[Records excerpted from a collection]
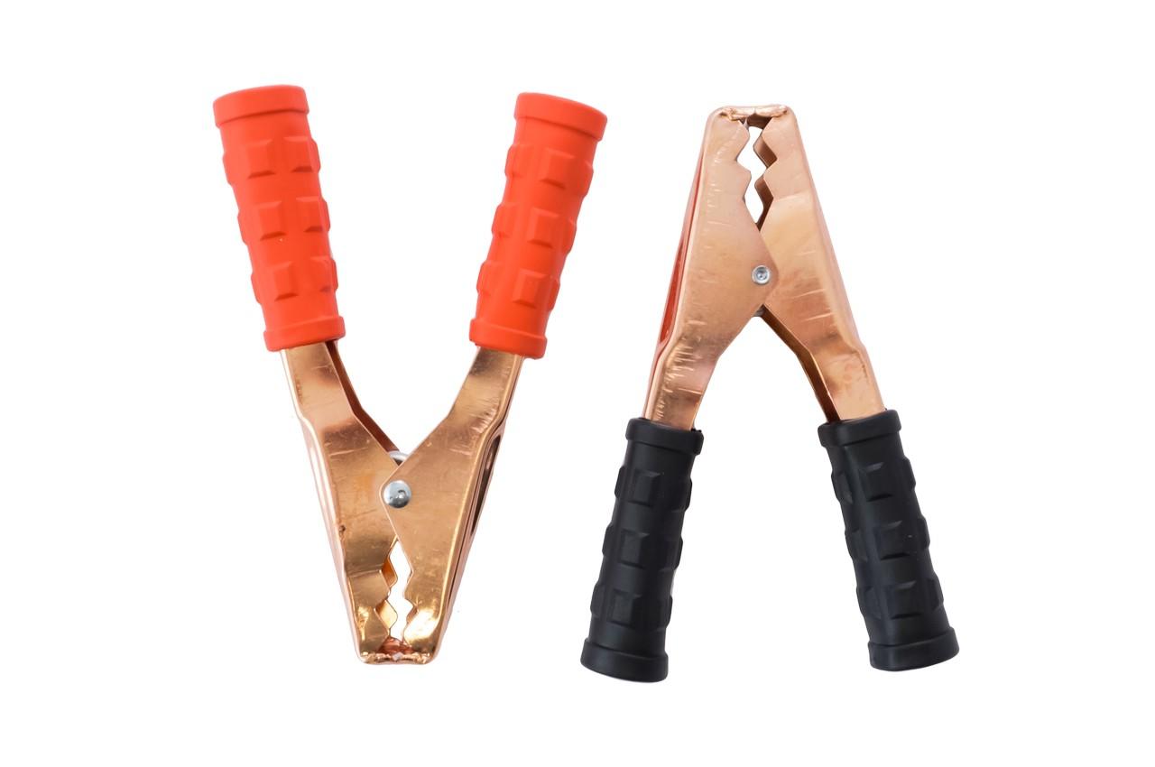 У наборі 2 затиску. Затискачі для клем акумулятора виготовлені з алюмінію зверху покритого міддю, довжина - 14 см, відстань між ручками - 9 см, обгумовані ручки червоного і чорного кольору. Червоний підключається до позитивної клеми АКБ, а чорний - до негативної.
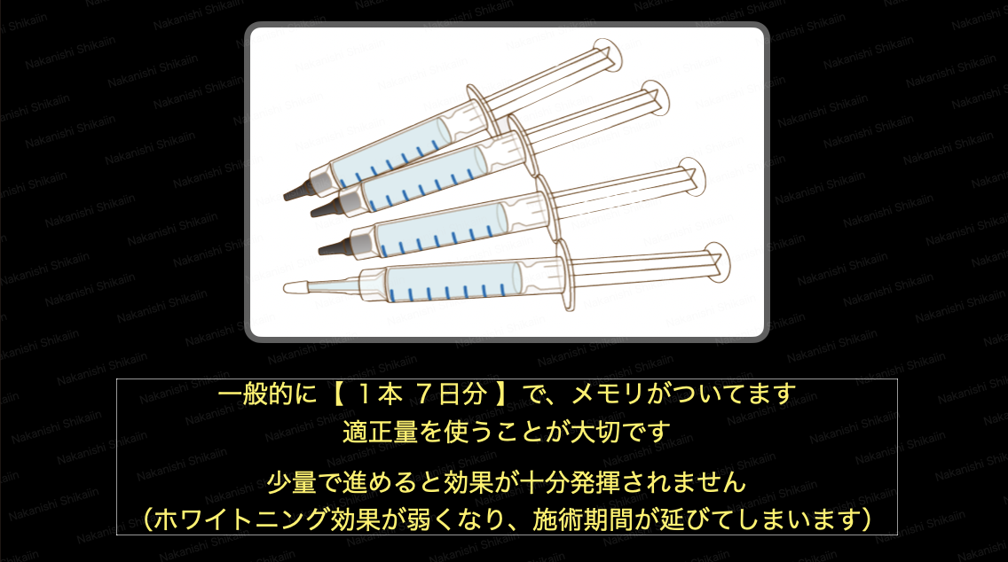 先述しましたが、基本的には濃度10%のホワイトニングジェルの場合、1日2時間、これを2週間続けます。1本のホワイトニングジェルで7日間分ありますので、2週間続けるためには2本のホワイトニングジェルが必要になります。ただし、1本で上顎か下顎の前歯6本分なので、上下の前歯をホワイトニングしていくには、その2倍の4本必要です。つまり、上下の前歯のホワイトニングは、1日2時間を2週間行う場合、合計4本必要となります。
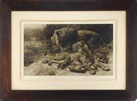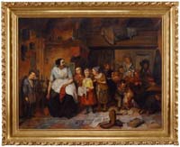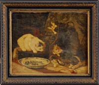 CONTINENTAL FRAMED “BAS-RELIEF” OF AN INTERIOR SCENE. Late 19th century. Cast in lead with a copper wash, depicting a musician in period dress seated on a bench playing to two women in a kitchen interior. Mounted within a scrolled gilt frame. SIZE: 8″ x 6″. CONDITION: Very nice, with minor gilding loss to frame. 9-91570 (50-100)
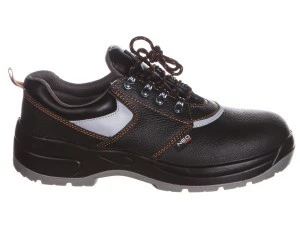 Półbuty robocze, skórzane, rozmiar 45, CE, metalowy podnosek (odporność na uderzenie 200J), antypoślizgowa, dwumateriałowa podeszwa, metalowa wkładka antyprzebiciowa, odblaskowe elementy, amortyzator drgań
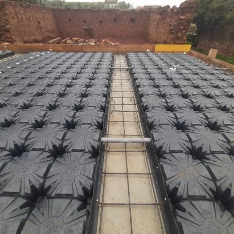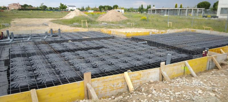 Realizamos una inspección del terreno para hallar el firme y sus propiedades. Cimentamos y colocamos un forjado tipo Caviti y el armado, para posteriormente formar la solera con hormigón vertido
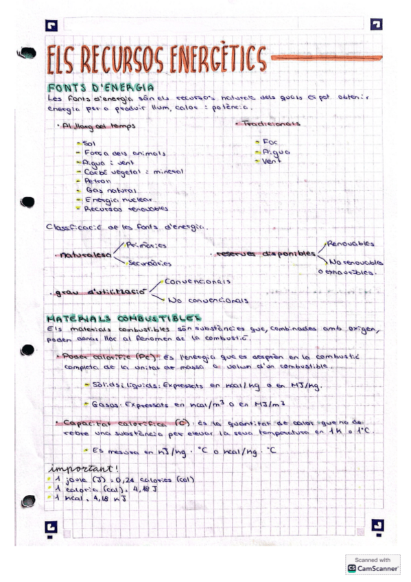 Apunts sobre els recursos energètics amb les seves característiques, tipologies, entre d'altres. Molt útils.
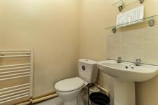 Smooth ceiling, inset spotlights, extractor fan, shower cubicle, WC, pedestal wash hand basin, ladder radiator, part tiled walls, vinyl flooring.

• **TASK ITEM**: Starting at the line that contains "先述しましたが、基本的には濃", please write out every line to the end of the entries, inclusive, copied exactly and with pictures omitted.

• **OUTPUT OF THE TASK**:
 先述しましたが、基本的には濃度10%のホワイトニングジェルの場合、1日2時間、これを2週間続けます。1本のホワイトニングジェルで7日間分ありますので、2週間続けるためには2本のホワイトニングジェルが必要になります。ただし、1本で上顎か下顎の前歯6本分なので、上下の前歯をホワイトニングしていくには、その2倍の4本必要です。つまり、上下の前歯のホワイトニングは、1日2時間を2週間行う場合、合計4本必要となります。
 CONTINENTAL FRAMED “BAS-RELIEF” OF AN INTERIOR SCENE. Late 19th century. Cast in lead with a copper wash, depicting a musician in period dress seated on a bench playing to two women in a kitchen interior. Mounted within a scrolled gilt frame. SIZE: 8″ x 6″. CONDITION: Very nice, with minor gilding loss to frame. 9-91570 (50-100)
 Półbuty robocze, skórzane, rozmiar 45, CE, metalowy podnosek (odporność na uderzenie 200J), antypoślizgowa, dwumateriałowa podeszwa, metalowa wkładka antyprzebiciowa, odblaskowe elementy, amortyzator drgań
 Realizamos una inspección del terreno para hallar el firme y sus propiedades. Cimentamos y colocamos un forjado tipo Caviti y el armado, para posteriormente formar la solera con hormigón vertido
 Apunts sobre els recursos energètics amb les seves característiques, tipologies, entre d'altres. Molt útils.
 Smooth ceiling, inset spotlights, extractor fan, shower cubicle, WC, pedestal wash hand basin, ladder radiator, part tiled walls, vinyl flooring.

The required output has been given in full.